In a year defined by economic uncertainty, choppy capital markets and a cautious dealmaking climate, Matt Kiel stood out for a significantly different reason: momentum.
This fall, the Business Journal named Kiel, senior counsel at Foley & Lardner, its Emerging Leader of the Year at the publication’s inaugural M&A Awards – an honor recognizing him for deal volume, strategic acumen and impact that has set him apart from a crowded field of corporate advisers.
At the mere mention of Kiel’s nomination during the inaugural ceremony held in September, the room lit up. And upon announcing the big winner, the audience gave him a standing ovation.
“It was a great event,” said Kiel. “It was a great community to be recognized in, and a lot of good awards were given out that night.”

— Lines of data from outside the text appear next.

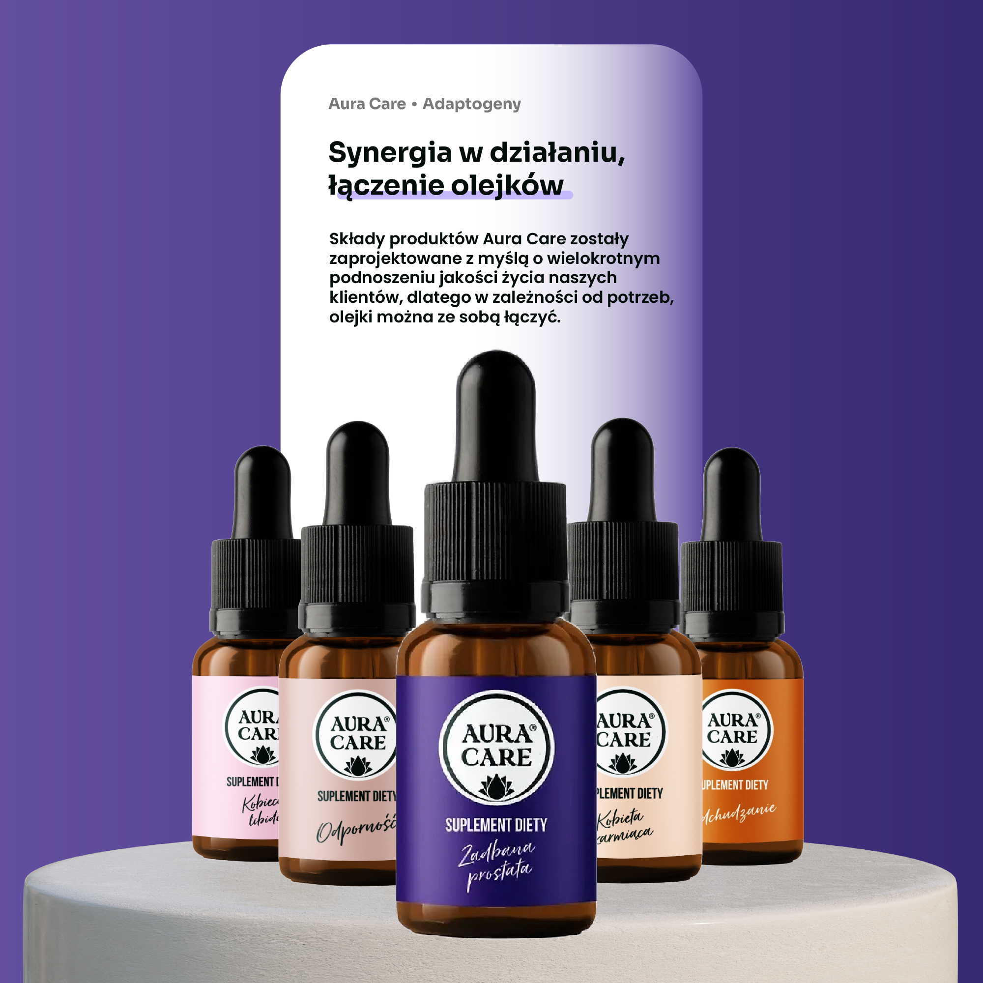 Olejki, probiotyki, witaminy, kolagen – potrzeby naszych organizmów są złożone, a my tworząc produkty Aura Care, myśleliśmy o tym, jak holistycznie się o niego zatroszczyć. Możesz bezpiecznie przyjmować kilka olejków jednocześnie, łączyć olejek z probiotykiem i zadbać także o skórę dzięki kolagenowi. Masz wątpliwości jak je dobrać? Skontaktuj się z naszym zespołem specjalistów.
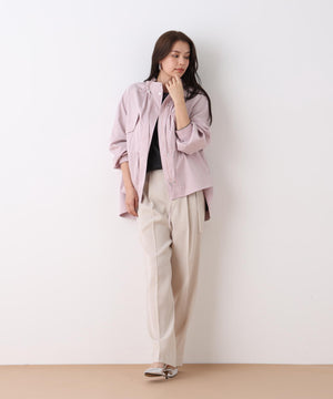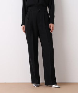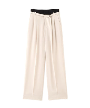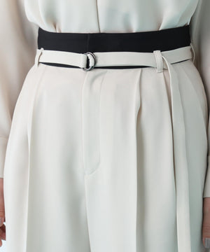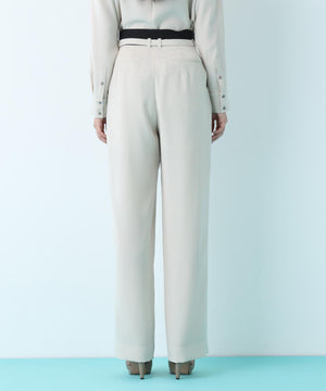 程よい肉感と美しいドレープ性を兼ね備えたダブルサテンを使用したパンツ。ウエストには2タックを入れ、程よいゆとりを持たせながらも、センタープレスが縦のラインを強調し、シャープですっきりとしたシルエットに仕上げています。さらに、ウエストに別生地を配することで、ウエストまわりをすっきりとした印象に整えた上品な一本です。
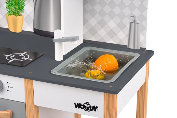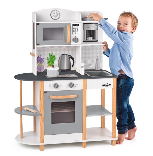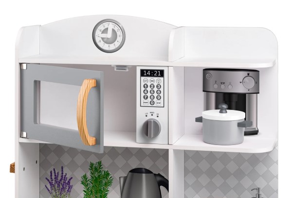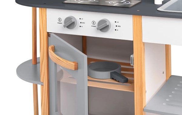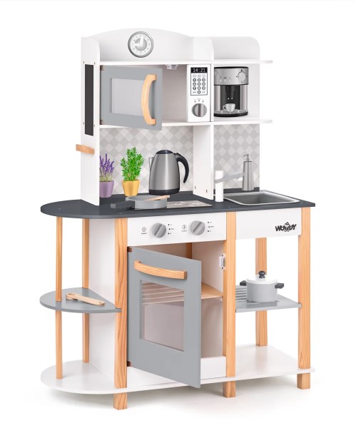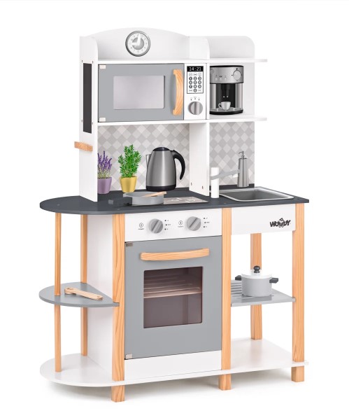 Дървена кухня за малки домакини. Разполага с фурна за печене, 2 котлона за готвене, микровълнова печка, мивка, рафтове за съхранение на съдове, както и дървен рафт за аксесоари. Кухнята е изработена от качествен шперплат и дърво. Подходяща е за игра и в детски градини.
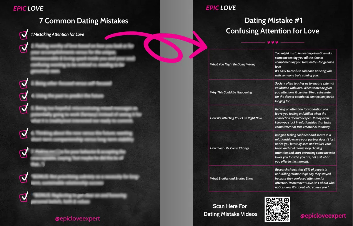 These are fast, high-impact video trainings — each one under 5 minutes — designed to help you immediately shift how you date, who you attract, and how you see yourself.
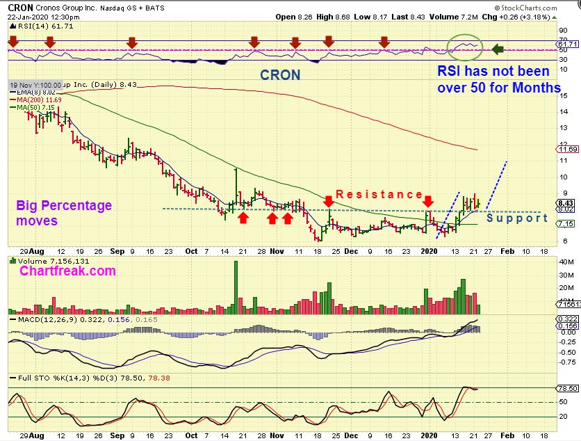 CRON – I posted this chart to show how CRON landed on what should be support, as it looks to be preparing for another leg higher soon. Many look like this, so the sector remains bullishly set up near the lows.

For Kiel, a lifelong Angeleno who grew up in South Pasadena, the recognition reflected something far less instantaneous than an awards-night spotlight. “It’s a slow, long-term growth story that has played out for me,” said Kiel. “It’s “having a steady concerted effort to grow and become a stronger version of yourself … You keep pressing forward and doing your best. It compounds over time.”
That steady, disciplined progression has defined Kiel’s path since his early days at the University of Oregon law school – and it certainly mirrors the dealmaking environment he now helps clients navigate – a landscape shaped by a rocky start, recalibration and renewed energy.
“We’re optimistic and excited,” Kiel said. “The second half of 2025 did see a rebound.”
Kiel, who joined Foley as a lateral in 2019 and now helps anchor the firm’s Los Angeles M&A practice, describes 2025 as a year split into two halves. “Without a doubt, there was a pause in the spring,” he said, citing regulatory unpredictability, fluctuations in tariffs and overall volatile capital markets. “Some deals went on pause; some deals got sidetracked. But we’re seeing a thawing of that freeze.”
Heading into the fourth quarter, Kiel describes a marked shift: increased deal activity, greater client optimism and pressure building on private equity firms to execute exits and unlock liquidity – all factors that are pushing momentum into early 2026.
“People still want to do deals,” he said.
Kiel’s practice spans far beyond California. In the past year alone, he led several transactions that highlighted his range and depth.
Among the standouts is him as lead counsel, pitching and securing a mandate from a U.K.-based, private equity-backed events and media company for its U.S. expansion. That led to the formation of a U.S. holding company and multi-year acquisition pipeline.
As a lead, he guided a solar and battery-storage development platform through a complex preferred-equity financing deal – one involving tax-credit structuring, milestone payouts and layers of interplay between all stakeholders. Lastly, he represented a Hong Kong-based manufacturer in a cross-border joint venture with a U.S. distributor, which involved intricate tax structuring and asset transfer considerations, including foreign intellectual property contributions.
For Kiel, the appeal of M&A lies in its constructive nature. Before shifting entirely into transactional work, he spent about four years working for a private litigation practice – handling aerospace, employment and some tort matters. In litigation, he often handled conflicts. The construct stuck with him.
“There’s something special about helping to engineer solutions on an M&A transaction that I didn’t experience in litigation,” he said. “You’re really trying to find solutions for your client and help create new value.”
Kiel gravitated toward the legal side of the M&A business during his first year of law school after taking a contracts class. The professor explained the basic concept of a contract serving as the “governing law between two parties” and that this framework allows attorneys handling the matter to offer a business perspective, thereby acting as business partners.
“That really resonated with me,” Kiel said. “I knew that’s where I wanted to go.”
During his nearly seven-year tenure, the collaborative ecosystem at Foley has fostered his growth as a leader within this space. He touts that Foley is a place where attorneys are treated as business partners in training, not just technicians. It’s a culture that’s collaborative and focused on giving attorneys the support they need to develop, he said.
“The community of Foley is one of camaraderie,” said Kiel, who is on the partnership track and serves on the firm’s national recruiting committee.
Beyond his transactional work for clients, Kiel stays active in the region’s civic and nonprofit institutions.
He serves as the Los Angeles liaison to the nonprofit law organization Public Counsel’s leadership council, supports the Boy & Girls Clubs of Metro Los Angeles through Foley’s community initiatives and recently joined the board of trustees at Western University of Health Sciences.
Also outside the office, the former high school cross-country runner still heads out for a recreational jog today – “Slow and steady,” he joked.
He’s a devoted jazz enthusiast, particularly the improvisational trios and quartets of the 1950s and ‘60s. “There’s tension and release in jazz,” he said.There are unexpected turns, “improvisation (and) conversation (between instruments). It’s such a beautiful thing.”
The parallels to dealmaking–complexity, collaboration, and the satisfaction of a well-resolved progression–aren’t lost on him. As the next year arrives, Kiel sees more opportunities than obstacles.
“There’s more growth (to come),” he said. “We’re seeing enthusiasm carrying through … we’re optimistic and excited (about what’s ahead).”